● Aim of the exercise: Pictures stay out of the output. Return exactly the lines below from the one with "This paper presents" down to the one with "Craftsmanship Meets Legacy", both included, and nothing more.

(Records drawn from a dataset)
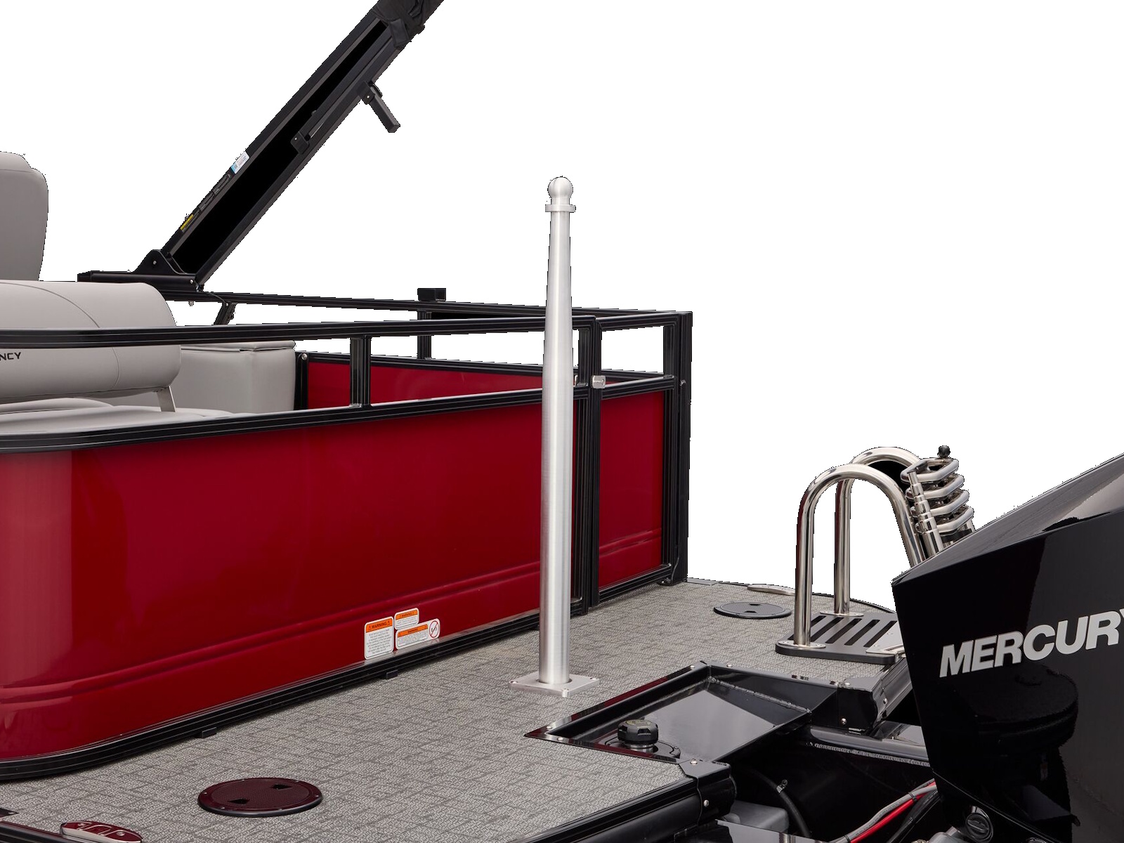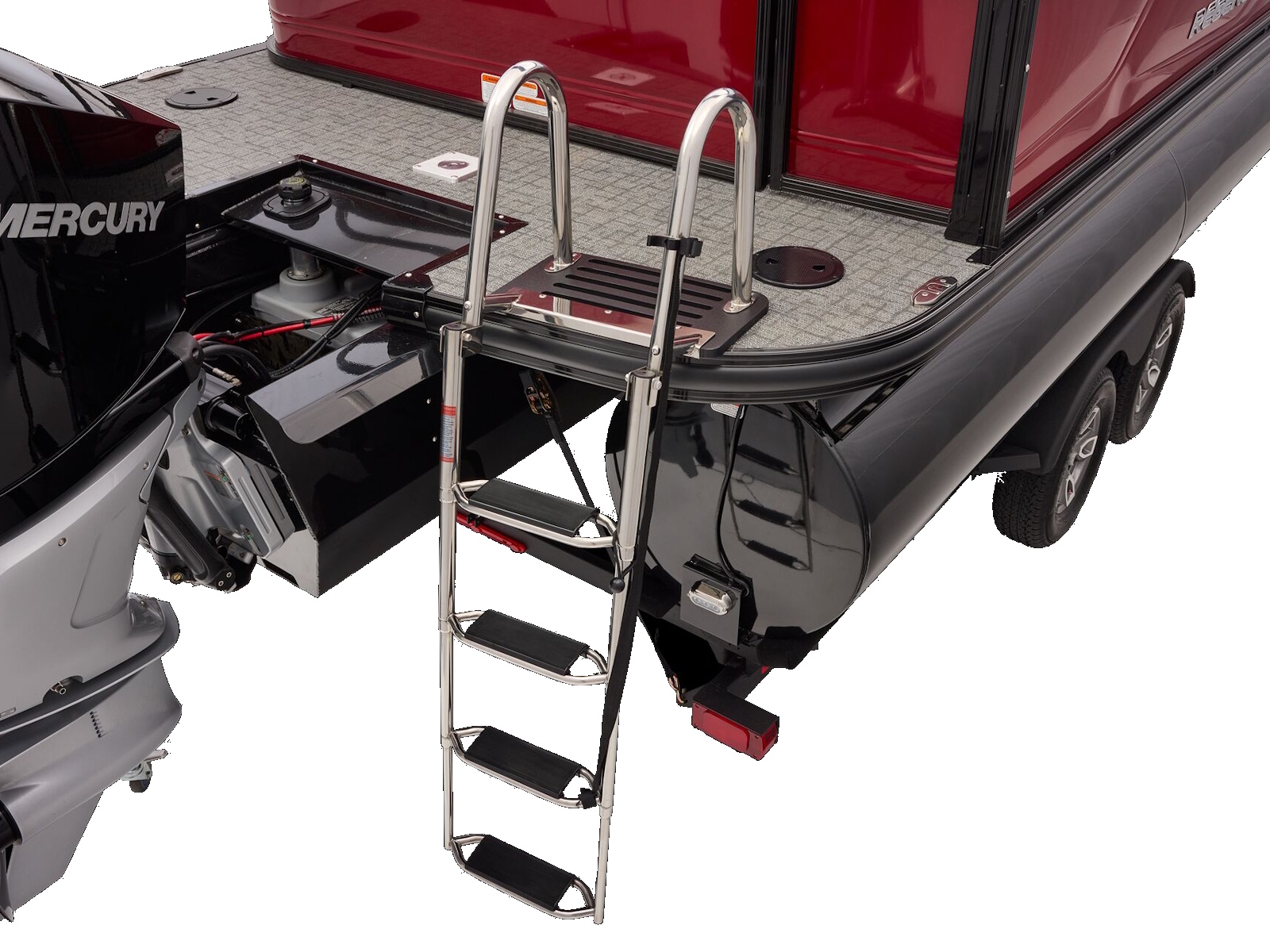 - All-welded, all-aluminum extended motor pod w/built-in EPA-compliant fuel system
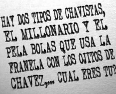 La verdad es que más allá de temas culturales, educativos y socioeconómicos, el que aún defiende al chavismo está defendiendo la miseria como forma de vida, sea el millonario o sea el de la franelita. ¿Cuál eres tú?
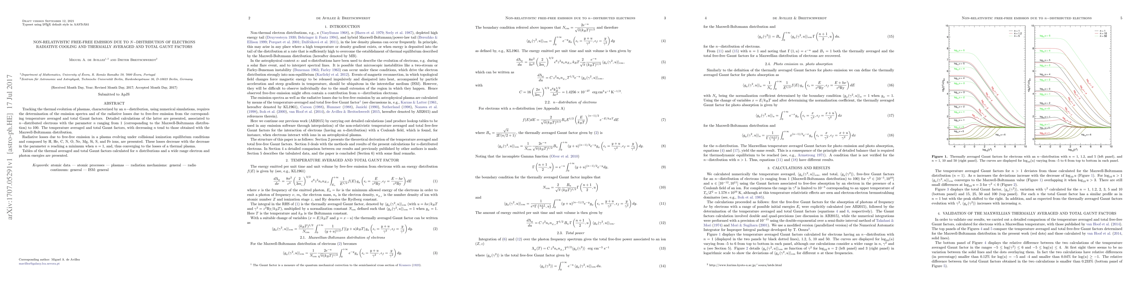 This paper presents detailed calculations of temperature averaged and total Gaunt factors for plasmas characterized by an n-distribution of electrons, ranging from n=1 (Maxwell-Boltzmann distribution) to n=100. It shows that radiative losses due to free-free emission decrease with decreasing n, converging to those of a thermal plasma when n=1.
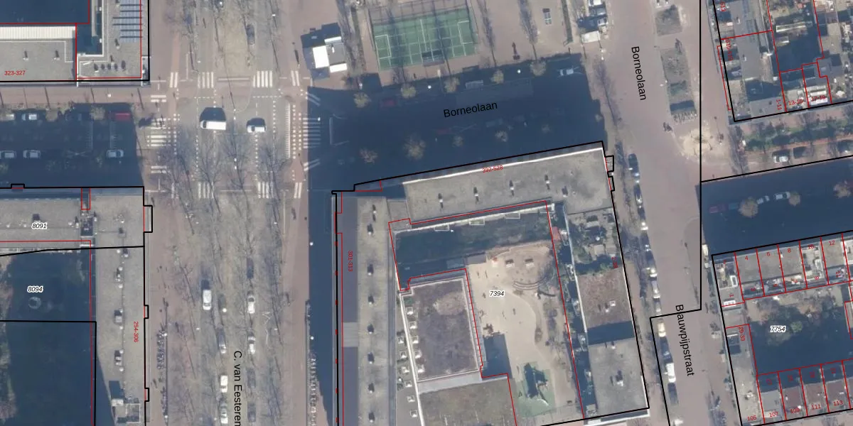Borneolaan 446 is gelegen op kadastraal perceel ASD02A7394. Deze kadastrale aanduiding is uniek en wordt gebruikt door het Kadaster om eigendomsrechten en andere zakelijke rechten vast te leggen. Het perceel maakt onderdeel uit van de kadastrale gemeente Amsterdam.
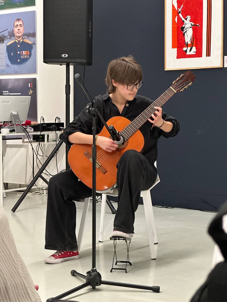 Для полного погружения в атмосферу экспозиции и понимания замысла проекта прозвучали музыкальные номера. Открыл концертную программу ученик 8 класса Сейфудинов Арслан с замечательной песней из репертуара Эдуарда Хиля «Весенний Ленинград». На концерте он великолепно исполнил три песни.
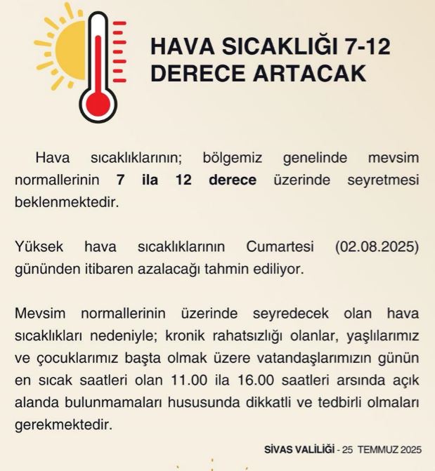Sıcaklıklar 7-12 Derece Artacak! Sivas Valiliğinden Kritik Uyarı
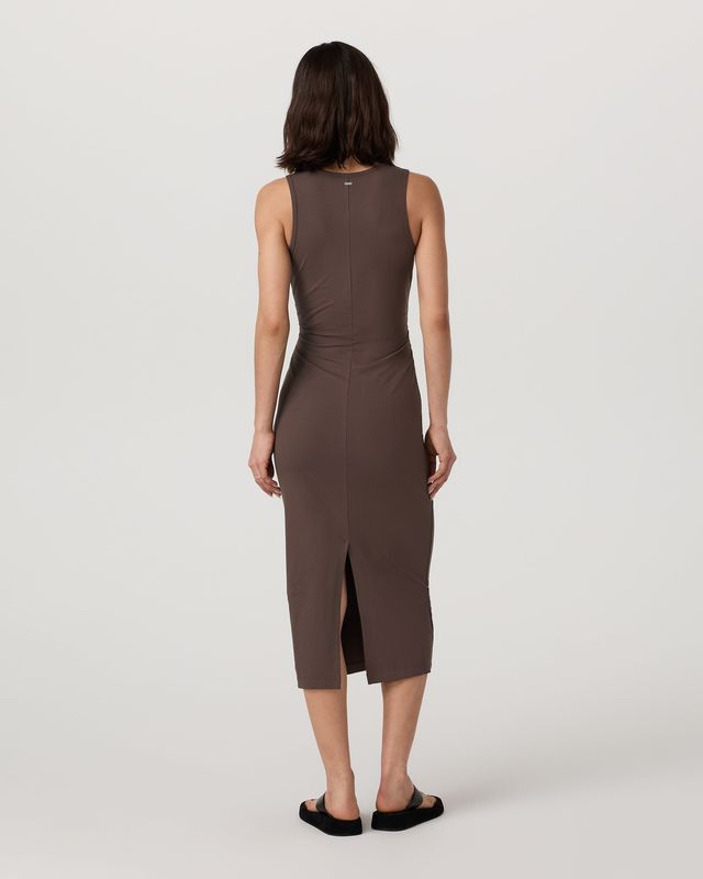 The women’s Pose Scoop Dress is the ultimate in one-and-done styling, combining effortless comfort with an elegant, scoop neckline. Made with a stretch-to-fit ribbed knit, we’ve added refined details like a fitted bodice, side ruching, and a back slit.
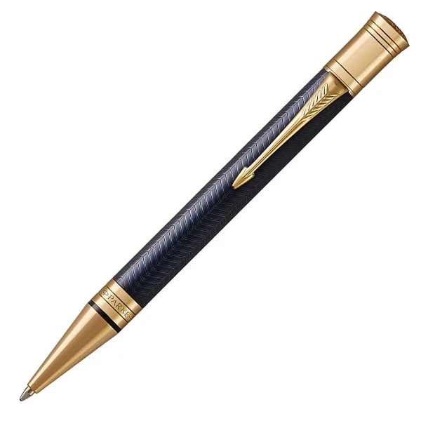 Craftsmanship Meets Legacy The Parker Duofold Prestige Blue Chevron Gold Trim Ballpoint Pen is not just a writing instrument; it’s a piece of history. Since 1921, the Duofold has been a symbol of excellence, embodying Parker’s commitment to superior craftsmanship. Each pen is a testament to meticulous attention to detail, from the emblematic ace design on the 18-carat solid gold nib to the lustrous precious metal finishes.
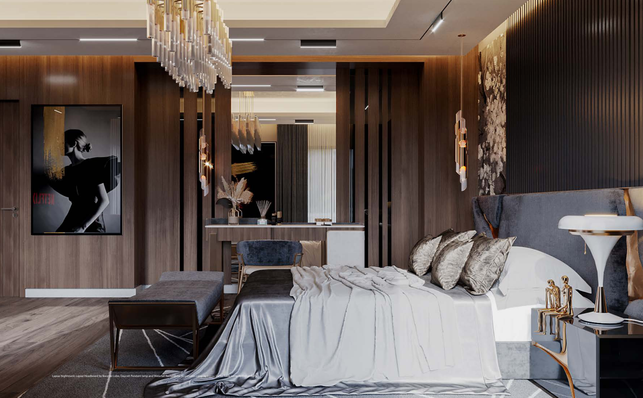 Lapiaz Nightstand, Lapiaz Headboard by Boca do Lobo, Daycott Pendant lamp and Waterfall Rectangular Suspension Lamp by Luxxu, Carter Table Lamp by Delightfull

● Expected output:
 This paper presents detailed calculations of temperature averaged and total Gaunt factors for plasmas characterized by an n-distribution of electrons, ranging from n=1 (Maxwell-Boltzmann distribution) to n=100. It shows that radiative losses due to free-free emission decrease with decreasing n, converging to those of a thermal plasma when n=1.
Borneolaan 446 is gelegen op kadastraal perceel ASD02A7394. Deze kadastrale aanduiding is uniek en wordt gebruikt door het Kadaster om eigendomsrechten en andere zakelijke rechten vast te leggen. Het perceel maakt onderdeel uit van de kadastrale gemeente Amsterdam.
 Для полного погружения в атмосферу экспозиции и понимания замысла проекта прозвучали музыкальные номера. Открыл концертную программу ученик 8 класса Сейфудинов Арслан с замечательной песней из репертуара Эдуарда Хиля «Весенний Ленинград». На концерте он великолепно исполнил три песни.
Sıcaklıklar 7-12 Derece Artacak! Sivas Valiliğinden Kritik Uyarı
 The women’s Pose Scoop Dress is the ultimate in one-and-done styling, combining effortless comfort with an elegant, scoop neckline. Made with a stretch-to-fit ribbed knit, we’ve added refined details like a fitted bodice, side ruching, and a back slit.
 Craftsmanship Meets Legacy The Parker Duofold Prestige Blue Chevron Gold Trim Ballpoint Pen is not just a writing instrument; it’s a piece of history. Since 1921, the Duofold has been a symbol of excellence, embodying Parker’s commitment to superior craftsmanship. Each pen is a testament to meticulous attention to detail, from the emblematic ace design on the 18-carat solid gold nib to the lustrous precious metal finishes.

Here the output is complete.